→ **Given material**
******

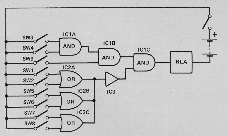 Encontramos este circuito en una publicación de 1978. Proporciona una combinación diferente para sensores de alarma conectados en paralelo. En este circuito, RLA es un relé de láminas, pero se puede utilizar un relé común con un paso de excitación transistorizado. El suministro debe realizarse con tensión según la lógica y el relé utilizado.
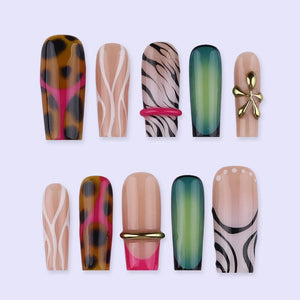 This nail set combines bold animal-inspired patterns with modern color gradients to create a striking and fashionable manicure. Smooth green ombre transitions flow across the nails, shifting from deeper emerald tones to softer translucent shades for a layered, dimensional effect. Leopard-inspired accents introduce a daring pattern that contrasts beautifully with the gradient base, while subtle gold details add a refined metallic highlight that elevates the overall design. The glossy finish enhances the richness of the colors and reflects light across the metallic accents, giving the manicure a polished and luxurious appearance. The long square shape provides a strong, contemporary silhouette that complements the bold patterns and vibrant tones, resulting in a stylish nail set that feels expressive, glamorous, and modern.
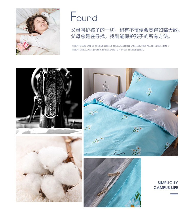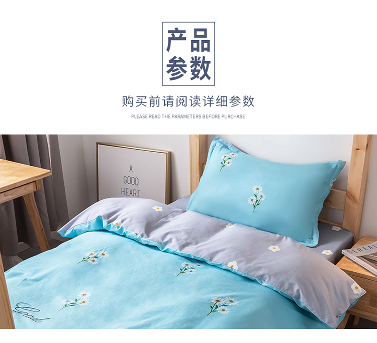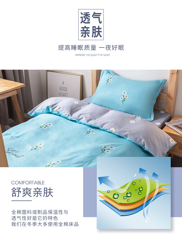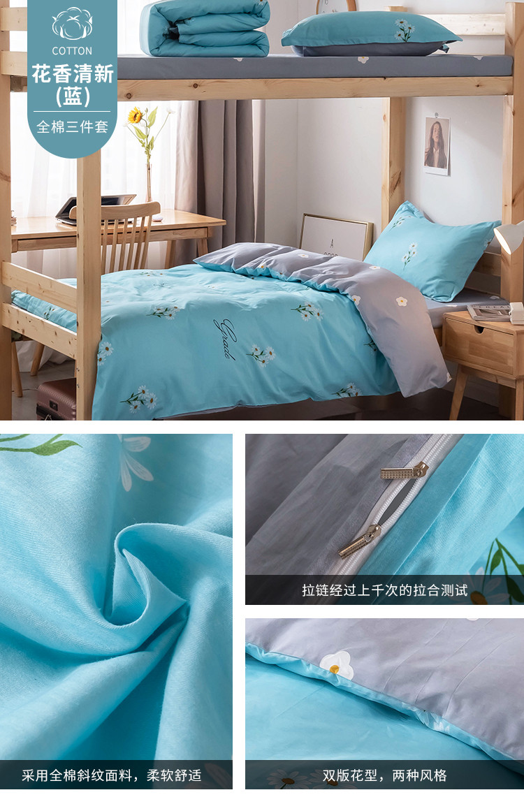 商品名称:芃成家纺 2021新款学生三件套 花香清新蓝

******

→ **Work request**
Write out the listing word for word, omitting the pictures it holds.

→ **Solution**
 Encontramos este circuito en una publicación de 1978. Proporciona una combinación diferente para sensores de alarma conectados en paralelo. En este circuito, RLA es un relé de láminas, pero se puede utilizar un relé común con un paso de excitación transistorizado. El suministro debe realizarse con tensión según la lógica y el relé utilizado.
 This nail set combines bold animal-inspired patterns with modern color gradients to create a striking and fashionable manicure. Smooth green ombre transitions flow across the nails, shifting from deeper emerald tones to softer translucent shades for a layered, dimensional effect. Leopard-inspired accents introduce a daring pattern that contrasts beautifully with the gradient base, while subtle gold details add a refined metallic highlight that elevates the overall design. The glossy finish enhances the richness of the colors and reflects light across the metallic accents, giving the manicure a polished and luxurious appearance. The long square shape provides a strong, contemporary silhouette that complements the bold patterns and vibrant tones, resulting in a stylish nail set that feels expressive, glamorous, and modern.
 商品名称:芃成家纺 2021新款学生三件套 花香清新蓝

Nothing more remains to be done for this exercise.